In April, I spent an hour talking with Bishop Andrew Doyle of Texas, who has written extensively on the future of the church as well as his own share on the church in an age of transition: Citizen: Faithful Discipleship in a Partisan World and Vocatio: Imaging a Visible Church, and A Generous Community: Being the Church in a New Missionary Age, among others. Bishop Andy believes that in speaking of Christ & Culture, our cultural assumptions are outdated and not attuned to what the culture thinks and actually is. “Even H. Richard Niebuhr’s iconic assumptions,” he claims, “are old.” CVC

‘When we look at organizational structures, we always and only can see [from the perspective of ] looking back into the past or projecting into the future. We can’t see – or we have a very difficult time of seeing – organizations making paradigm shifts in the present, as they are occurring. You can only see this in retrospect. Adaptive change happens at interconnected levels, simultaneously, and you need the perspective of looking back on it in order to be able to see it.
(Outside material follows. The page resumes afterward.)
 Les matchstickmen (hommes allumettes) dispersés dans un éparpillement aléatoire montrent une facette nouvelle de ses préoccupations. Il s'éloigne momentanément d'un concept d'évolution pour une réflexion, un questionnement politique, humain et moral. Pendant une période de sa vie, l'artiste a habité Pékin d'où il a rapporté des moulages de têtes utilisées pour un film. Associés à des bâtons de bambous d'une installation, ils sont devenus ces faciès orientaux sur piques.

If you’ve ever watched America’s Test Kitchen, the hit TV cooking show, there is an analogy. It’s not one thing that makes the best chicken. It’s different choices in multiple categories that all come together – choosing the best quality chicken to begin with; choosing the best combination of herbs to season it; perfecting the cooking time, temperature, etc. Similarly, doing my thing better is not going to fix it all when we’re talking about the church. Adaptive change that truly advances the life and mission of the church involves everything, and tinkering with it over hundreds of years: how we engage discipleship, the formation of the baptized, its content and how that is delivered, what kind of formation do you offer people? What is the ongoing formation and support of disciples in the wider system? I see the early disciples engaging a kind of action and reflection model over time that leads to adaptive change over time.
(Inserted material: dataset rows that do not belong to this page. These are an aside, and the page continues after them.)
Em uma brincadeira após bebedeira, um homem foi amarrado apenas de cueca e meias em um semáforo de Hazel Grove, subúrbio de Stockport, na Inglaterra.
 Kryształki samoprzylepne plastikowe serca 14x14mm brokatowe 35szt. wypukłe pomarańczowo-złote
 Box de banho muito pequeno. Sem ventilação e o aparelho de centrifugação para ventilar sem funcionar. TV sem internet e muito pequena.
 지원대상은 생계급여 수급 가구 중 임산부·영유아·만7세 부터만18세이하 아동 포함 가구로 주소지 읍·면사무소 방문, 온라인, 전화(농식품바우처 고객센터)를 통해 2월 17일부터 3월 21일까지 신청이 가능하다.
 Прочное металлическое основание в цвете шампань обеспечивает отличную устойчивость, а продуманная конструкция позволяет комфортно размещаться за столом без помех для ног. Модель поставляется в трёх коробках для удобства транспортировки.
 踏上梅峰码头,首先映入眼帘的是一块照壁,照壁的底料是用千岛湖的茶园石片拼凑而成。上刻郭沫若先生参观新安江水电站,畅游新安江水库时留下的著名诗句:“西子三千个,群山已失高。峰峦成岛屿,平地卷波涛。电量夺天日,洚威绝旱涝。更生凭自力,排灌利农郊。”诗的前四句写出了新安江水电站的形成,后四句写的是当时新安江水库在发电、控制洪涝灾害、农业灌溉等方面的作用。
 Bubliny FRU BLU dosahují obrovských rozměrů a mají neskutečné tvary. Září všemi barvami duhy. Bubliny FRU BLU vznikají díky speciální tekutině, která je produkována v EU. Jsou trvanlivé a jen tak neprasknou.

After eleven years as a bishop, I have learned one size does not fit all, and one thing is not going to change the church.

What is important is creating a safe space for adaptability and experimentation. How do you teach people to hold that safe space? I believe we need to form leaders for that, mentoring them through experiments in discipleship. We need to take people under our wings and support them as they play with all this.
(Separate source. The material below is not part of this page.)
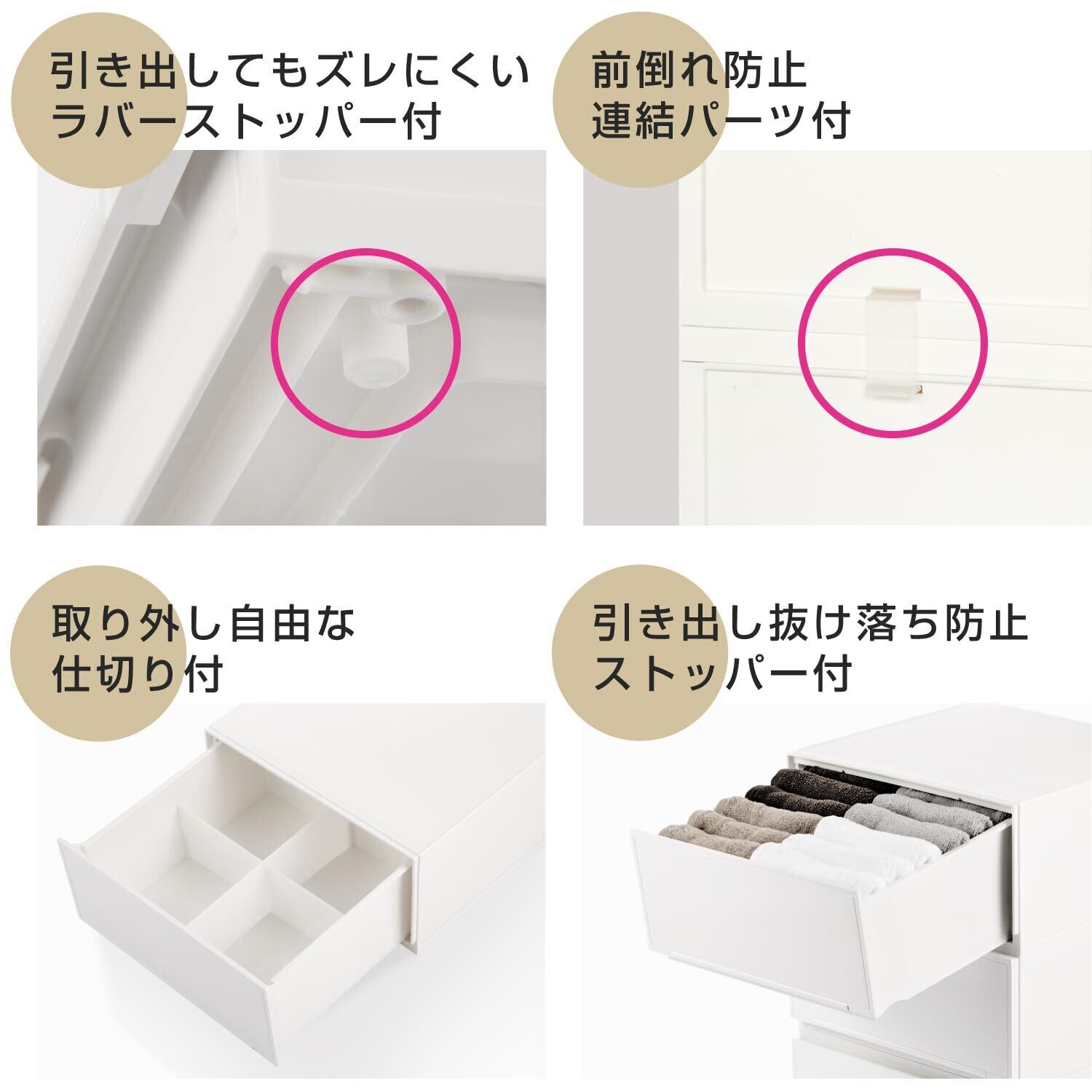 ✨【スルっと引き出せる設計が便利です!】出し入れが楽な引き出し式のデザインで、収納したものの取り出しもスムーズ。ズレを防ぐラバーストッパーがついており、安定した使用感を実現しております。

I think of Frank Griswold and how all the crazy things he did as a liturgist in his late twenties made him who he is. We’ve got to let people do that. If we’re going to invest in the crafting of adaptive change, we have to give people the space for experimentation. For example, one of our most innovative priests – a church planter – is in conversation with a nondenominational, predominantly Asian, multi-cultural church about becoming an Episcopal church. Someone said, “The bishop will never let you do that.” Which begs the question, do we really want radical creativity? Organizations get the people they want. Right now, we have lots of people who are pastorally gifted and really good listeners. But we are at zero in terms of innovation.

The system picks the people who look like the system – otherwise, we weed them out. If you want that to change, you have to get much more comfortable with people who have their own ideas and who won’t necessarily listen to or agree with you. I think about the 1500 people attending 91 house churches in our diocese in any given week, and 90% are from no church background. People engaged in these churches have a better understanding.